Not everyone knows what they want to be when they grow up. That’s okay! You have lots of years to go before you start realizing what you really want to do with your life; if you don’t find out by then, then you are just lazy. I’ve always been the kind to never give up, never back down, and always stand up for what I feel is right. That’s how it should be though. No one in life should have to sit there and get pushed around by someone without standing up for themselves. You know, I want to be a Journalist when I grow up, and people always tell me that it doesn’t pay good money. First, I don’t care about the money. Second, I’m not going to work a job I hate to work just so I can get paid good money.

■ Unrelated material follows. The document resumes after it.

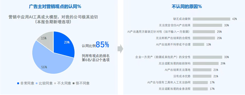 報告顯示,85%的廣告主認為“營銷中應用AI對公司極其迫切”。這種緊迫感來自AI角色的根本性轉變:

And third, I could someday be a famous Journalist and make “bank” (it’s nice to dream.) Then again, what is good money? Good money to you could be something totally different to someone else – someone who actually lives in the real world, and has to really work for their money.
What I’m kind of trying to get at here is, people have a set life for themselves, but they shouldn’t. If you set your life up, and it doesn’t turn out the way you plan, then you are disappointed – leading an unhappy life in the end. I no longer have a “set” plan, but I have a set goal. I have a set goal to graduate school, go to college, and study to take the initiative steps into becoming a Journalist. I’m a young man; work in progress.
Love.
Why is it, that after all of these months – I try to hate someone so much, so deeply, that in the end… I still love the person…? You know, people do wrong in their lives. They tell lies, they cheat, they steal. You always know though – you always know when a person really truly loves you. I was always too scared to love, too scared to trust, too scared to commit to something. Not this time though, this time I was taught all of that, and much much more. Someone once wrote to me in a letter, “Don’t forget the things that I have tried to teach you. Don’t forget that love truly is the key to life. Let love be the song of your heart. Don’t forget to forgive people, especially those that you love. No one is perfect and we all need a littlehelp from time to time. Don’t judge people before you get to know them. If you do you might have just missed the chance to get to know someone great. Even if you think you know them, truly get to know them. Smile. Smile even on those days when it seems hard to. Just remember that you are loved and the future you have before you is going to be great. Don’t complain about little petty things. Enjoy that you have another day to be alive, even when those days are tough. Pray Kyle.. Pray pray pray. Someone’s listening. I promise. Most of all, live life Kyle. Live it and love it for whatever it is to you and the things you get to do in it. You never know when it might be over.” (I’m sure this person knows who they are.) I was taught so much about myself and others in just 9 months. I started looking at the world differently, I started to become happier as a person and as a whole.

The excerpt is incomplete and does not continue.